In a lot of cases this means figuring out how to make individual chemical reactions more efficient, Gupton explains. If you go back to your high school chemistry days, you’ll recall the two tried and true methods of increasing the yield of most chemical reactions: heat and pressure. Generally, that’s what Phlow’s been figuring out how to do.
Streamlined thinking
Continuous manufacturing has been a goal of the US Food and Drug Administration for over a decade. So far, though, no major pharmaceutical company in the world is making their products using this process from end to end. So what’s kept companies from trying it out? Fear of failure.
“When you’re a pharmaceutical company, you’re afraid of regulatory risk,” says Richard Braatz, a chemical engineer at the Massachusetts Institute of Technology who specializes in drug manufacturing.
In the United States, this risk comes from the Food and Drug Administration. In 1962, the agency required all drug companies to prove that their products were safe and effective through the three-stage clinical trial process still used today. Drug companies encounter most of their costs in launching products as they go through these trials: They have to continue to make large amounts of a product that ultimately never may be sold. In 2018, the top 20 drug companies in the US had a 32% success rate.

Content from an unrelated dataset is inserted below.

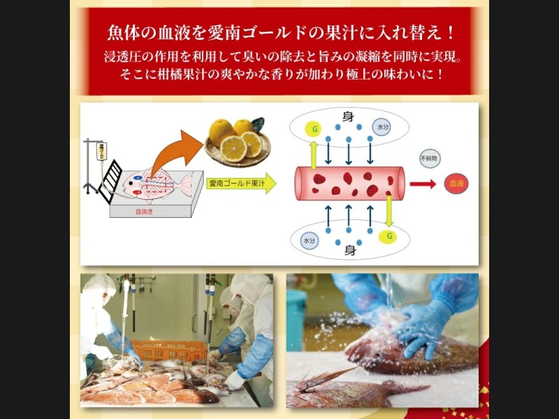 ハマスイの「特許技術」で丁寧に血抜きを行い、そこに愛南ゴールドの果汁を魚の隅々に行き渡らせます。

A lot of drug development is figuring out not just the ingredients, but the process it takes to assemble them, says Blaatz. So companies aren’t going to want to change the way they make their products if at all possible. Manufacturing procedures haven’t been intentionally updated for over 50 years.
In recent years, however, the US FDA has seen the value of continuous manufacturing. Two years ago under commissioner Scott Gottlieb, the agency began creating guidance for the industry on how to adopt the process to manufacture their existing drugs.
But even with regulatory guidance, for an existing drug company, the cost of retooling the manufacturing for a product they already have would be too high. It’d take too long for the final, cheaper product to make up for those high investment costs.
Gupton had made this process work for HIV and tuberculosis drugs with his previous initiative at the Virginia Commonwealth University, called Medicines for All. To get off the ground, he had help from the Bill and Melinda Gates Foundation in 2017. He’s hoping he can do it again with the help of government funding for Phlow.
Strategic stockpiles
Eric Edwards, the chief executive and another co-founder of Phlow, declined to say specifically which drugs Phlow is working to make. Its real end goal is to help create a Strategic Active Pharmaceutical Ingredients Reserve—a stockpile of pharmaceutical necessities similar to the US’ Strategic Petroleum Reserve.
It’s not just an issue of undermining costs of cheap labor from Chinese and Indian-based companies, Edwards says. “We’re competing with the Chinese government and the Indian government,” he says. He views pharmaceutical independence as a matter of national security.
It’s hard to say just how successful Phlow will be at achieving that kind of independence. So far, it has produced 1.6 million doses of generic antibiotics, painkillers, and sedatives—all of which are critical for hospitalized patients, and many of which have gone into shortage.
But it’s a shoestring operation in some ways: Currently, it’s licensing equipment and space from the companies AMPAC Fine Chemicals, a US chemical company, and Civica Rx, a nonprofit generic drug manufacturer. It plans to use some of the investment from BARDA to develop its own facilities.
The company’s investment from BARDA also includes the possibility of receiving an additional $458 million over the next decade if its early endeavors are successful. If its strategy works, it could lead to a bigger overhaul how the US makes and delivers drugs, in-house.